So, I want to run "spark-submit", create pyspark sparkContext, load JanusGraph data into DataFrame. Then, I can use spark Dataframe, spark ML and python machine-learning packages. If there is no such solution, I guess I have to "dump whole graph into csv and read it from pyspark".
-------- spark_session = SparkSession.builder.appName('test').enableHiveSupport().getOrCreate()
df_user = spark_session.read.format( 'org.apache.janusgraph.some_spark_gremlin_connector', ).options( url='url', query='g.V().hasLabel("user").has("age", gt(29)).valueMap("user_id", "name" "age")', ).load().dropna().join( other=some_df, )
df_item = spark_session.read.format( 'org.apache.janusgraph.some_spark_gremlin_connector', ).options( url='url', query='g.V().hasLabel("user").has("age", gt(29)).out("buy").hasLabel("item").valueMap("item_id", "name")', ).load().dropna()

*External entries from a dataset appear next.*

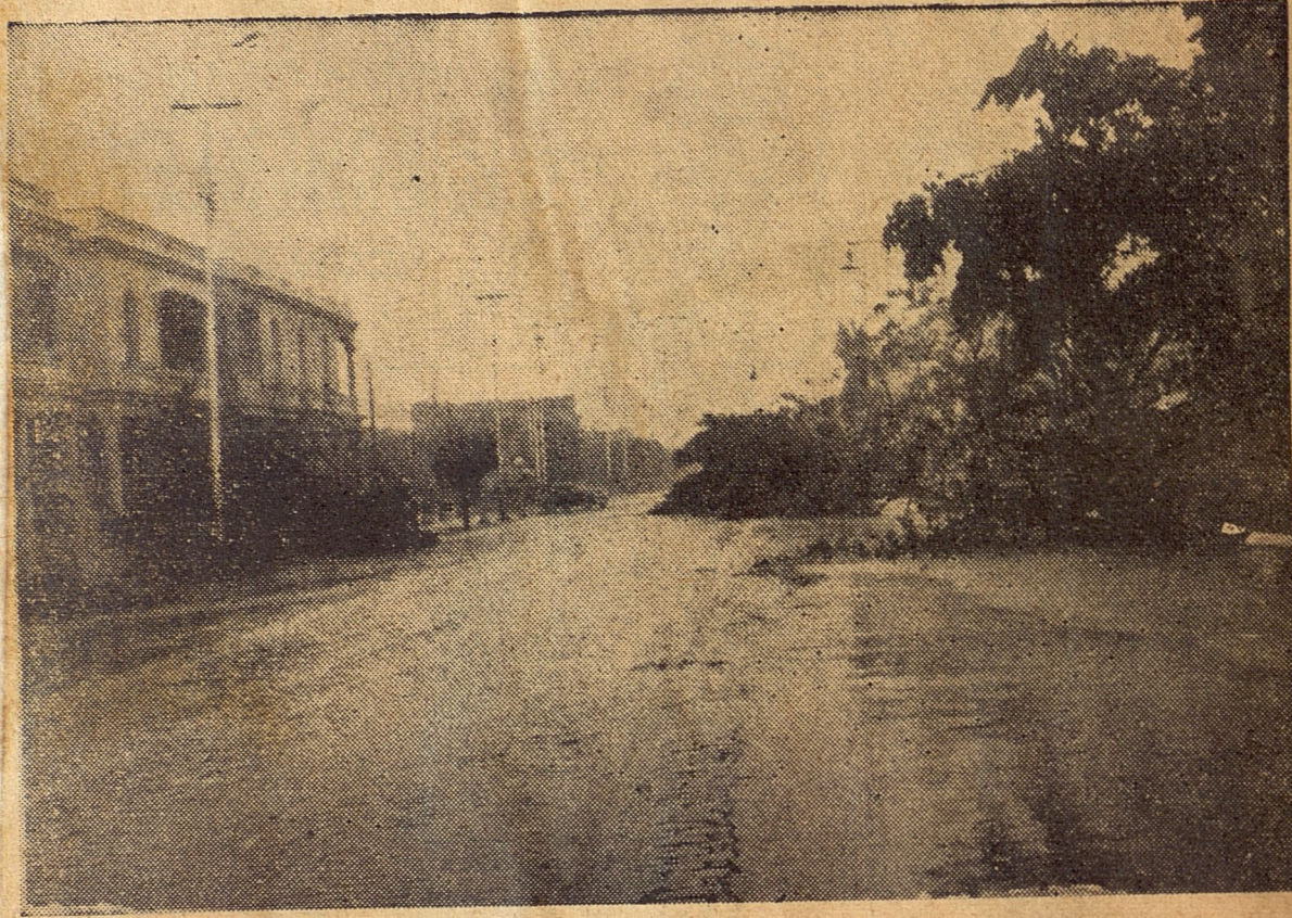
La Calle 23, en el Vedado, quedó casi enteramente bloqueada por los grandes árboles que la adornaban. Esta vista puede dar una idea de la situación en que deben hallarse las carreteras de la República.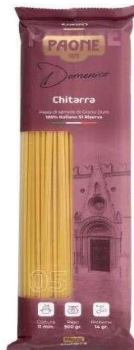
PP405 - CHITARRA GR 500 X 20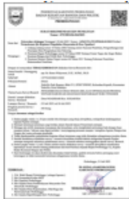
Gambar 2. Surat perijinan kegiatan offline dari kepala Desa Ngadisari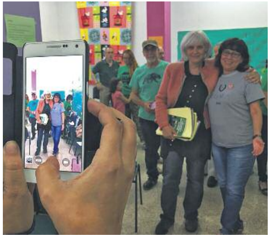
Les primeres reunions del nou govern han estat amb els treballadors municipals "per fer equip" (esquerra) i amb la PAH (dreta).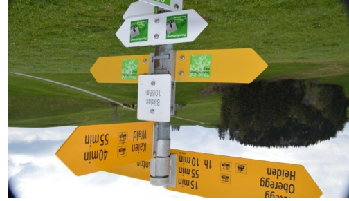
Wegweiser auf dem Gesundheitsweg im Appenzeller Vorderland.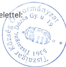
Szilágyi László polgármester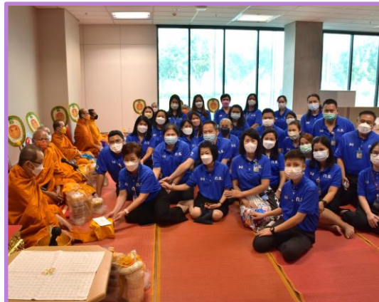
องค์กรคุณธรรม

แบ่งตามพื้นที่เป็น 2 ส่วน คือ • ชุมชนที่ตั้งอยู่ในพื้นที่จังหวัด • ชุมชนที่ตั้งอยู่ในกรุงเทพฯ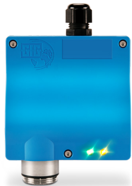
ZD22 met één kabelinvoer voor analoge aansluiting

In combinatie met de krachtige controllers van GfG zijn beide varianten de juiste keuze voor zuurstofbewaking op lange termijn.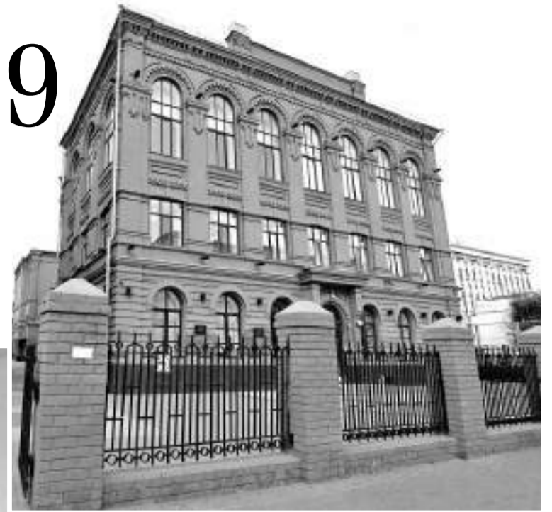
Лицей № 9

— Использование картирования позволило выявить проблемные места в образовательной деятельности и проанализировать возможности их устранения. Сейчас в лицее разработан 21 бережливый проект, шесть из которых уже реализованы.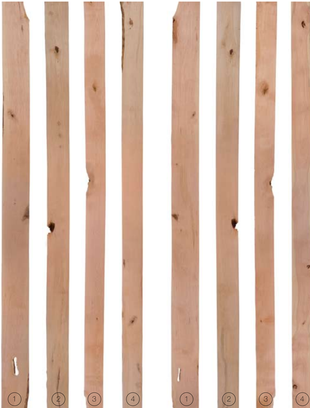
FRONT FACE | CARA FRONTAL

Rendimiento de superficie limpia is 50% - 67% por ambas caras.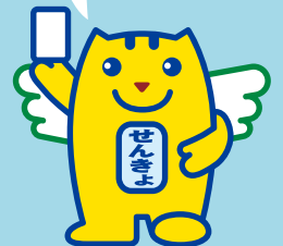
選挙のめいすいくん (明るい選挙のイメージキャラクター)

18歳 選挙権について 日本の未来を担う若い世代の声をより政治に取り入れるため、70年ぶりに法律が改正されて、平成28年7月に行われた参議院議員通常選挙から選挙権年齢が満18歳以上に引き下げられました!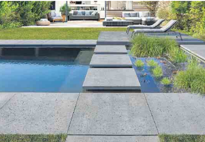
Passen optimal in moderne, puristische Outdoor-Bereiche: EXEO®-Elemente in designstarker Basaltlava-Optik.

Megaformate in Basaltlava-Optik sind im Außenbereich vielseitig einsetzbar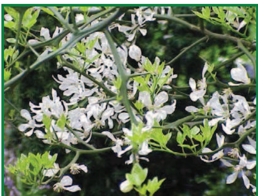
Figura 4. Género Poncirus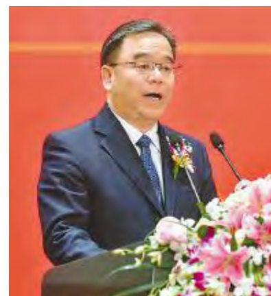
成都市政协副主席、双流区委书记韩轶致辞

大会还为长期以来支持、帮助通威太阳能发展,为通威太阳能提供优质产品及服务的供应商进行了颁奖,28家供应商分别获得“最佳服务奖”、“卓越品质奖”、“成本贡献奖”,隆基绿能科技股份有限公司、天津环欧国际硅材料有限公司、保利协鑫能源控股有限公司等10家供应商被授予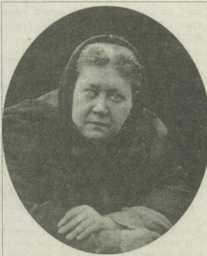
Елена Петровна Блаватская. Фото 1888 – 1889 гг.

«Есть путь, нелегкий и тернистый, изобилующий всевозможными опасностями, но все же существующий, и ведущий к самому сердцу Вселенной. Я могу рассказать, как найти тех, кто укажет вам тайные врата, открывающиеся только внутрь, но тут же и навсегда захлопывающиеся за неофитом, ступившим за них. Нет опасности, не преодолимой бесстрашной отвагой; нет испытания, которое не могла бы пройти безупречная чистота; нет трудности, с коей не справился бы сильный разум. Тех, кто побеждает, ждет впереди награда, которую не описать никакими словами, – власть благословить и спасти человечество; для тех, кто проиграл, впереди – множество жизней, в которых еще может прийти успех».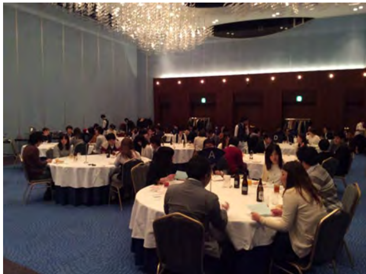
昨年のパーティーの様子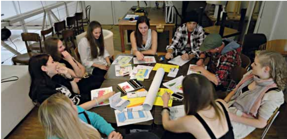
Die Jugendlichen diskutierten an einem Nachmittag intensiv über die Nutzung des Rüteli.

Am 31. März 2012 trafen sich am Nachmittag 35 junge Horwerinnen und Horwer mit 10 Erwachsenen aus der Politik, der Jugendkommission und Anwohnenden der Rüteliwiese zum Austausch in der Zwischenbühne. Dieser Jugendmitwirkungs-Tag hatte zum Ziel, Ideen und Anregungen für den Sommerbetrieb des Rüteliwagens zu sammeln.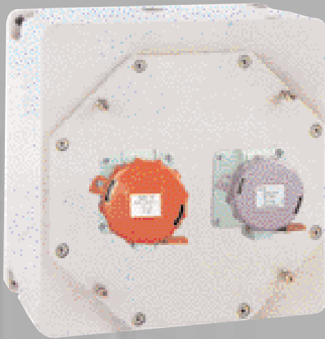
Coffret IIC aluminium équipé d'1 socle 3P+T 380/415V et 1 socle TBT 2P+T20/25V

Pour répondre à tous vos besoins d'installations, ATX propose une gamme complète de prises encastrables en Très Basse Tension et Basse Tension en 16 et 32 A et en 24 V, 110 V, 220V, 380 V, 500 V.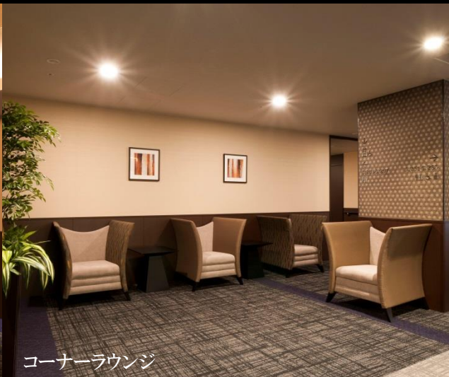
コーナーラウンジ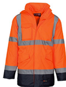
ARANCIONE FLUO/BLU NAVY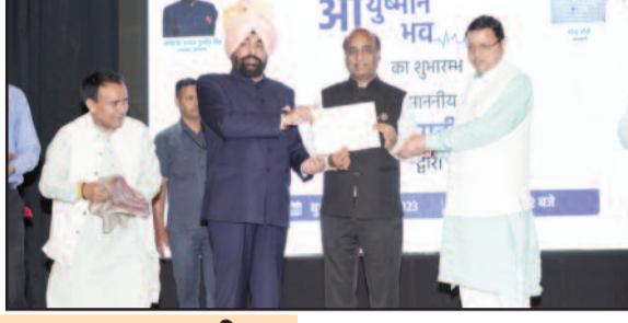
"आयुष्मान भव" अभियान के शुभारंभ के अवसर पर राजभवन में हुए राज्यस्तरीय कार्यक्रम आयोजित

देहरादून। राष्ट्रपति द्रौपदी मुर्मू ने बुधवार को गांधीनगर, गुजरात से "आयुष्मान भव" अभियान का वर्चुअली शुभारंभ किया। आयुष्मान भव अभियान केंद्रीय स्वास्थ्य और परिवार कल्याण मंत्रालय की एक व्यापक राष्ट्रव्यापी स्वास्थ्य सेवा पहल है जिसका उद्देश्य देश के हर गांव और कस्बे तक स्वास्थ्य सेवाओं की संतुष्टि कब्रज प्रदान करना है। यह अभियान 17 सितंबर से 2 अक्टूबर 2023 तक "सेवा पखवाड़ा" के दौरान चलाया जाएगा। आयुष्मान भव अभियान के अंतर्गत आयुष्मान-आपके द्वार 3.0, स्वास्थ्य केंद्रों व सामुदायिक स्वास्थ्य केंद्रों में आयुष्मान सभाओं का आयोजन और हर गांव व पंचायत में आयुष्मान मेलों के माध्यम से स्वास्थ्य सेवाओं के कवरेज को अधिक से अधिक करना है। उद्घाटन समारोह में केंद्रीय स्वास्थ्य और परिवार कल्याण मंत्री डॉ. मनसुख मांडवीया,

df_sale = spark_session.read.format( 'org.apache.janusgraph.some_spark_gremlin_connector', ).options( url='url', query='g.V().hasLabel("user").has("age", gt(29)).outE("buy").valueMap("timestamp")', ).load().select( col('item_id'), col('name'), ).dropna() --------
2017年8月18日金曜日 4時08分02秒 UTC+9 HadoopMarc: Hi Takao, Only some directions. If you combine: http://yaaics.blogspot.nl/ (using CassandraInputFormat in your case) http://tinkerpop.apache.org/docs/current/reference/#interacting-with-sparkit should be possible to access the PersistedInputRDD alias graphRDD from the Spark object. Never done this myself, I would be interested to read if this works! Probably you will need to run an OLAP query with SparkGraphComputer anyway (e.g. g.V()) to have the PersistedInputRDD realized (RDD's are not realized until a spark action is run on them.) Cheers, Marc Op donderdag 17 augustus 2017 16:25:42 UTC+2 schreef Takao Magoori: I have a JanusGraph Server (github master, gremlin 3.2.5) on top of Cassandra storage backend, to store users, items and "WHEN, WHERE, WHO bought WHAT ?" relations. To get data from and modify data in the graph, I use Python aiogremlin driver-mode (== groovy sessionless eval mode) and it works well for now. Thanks developers !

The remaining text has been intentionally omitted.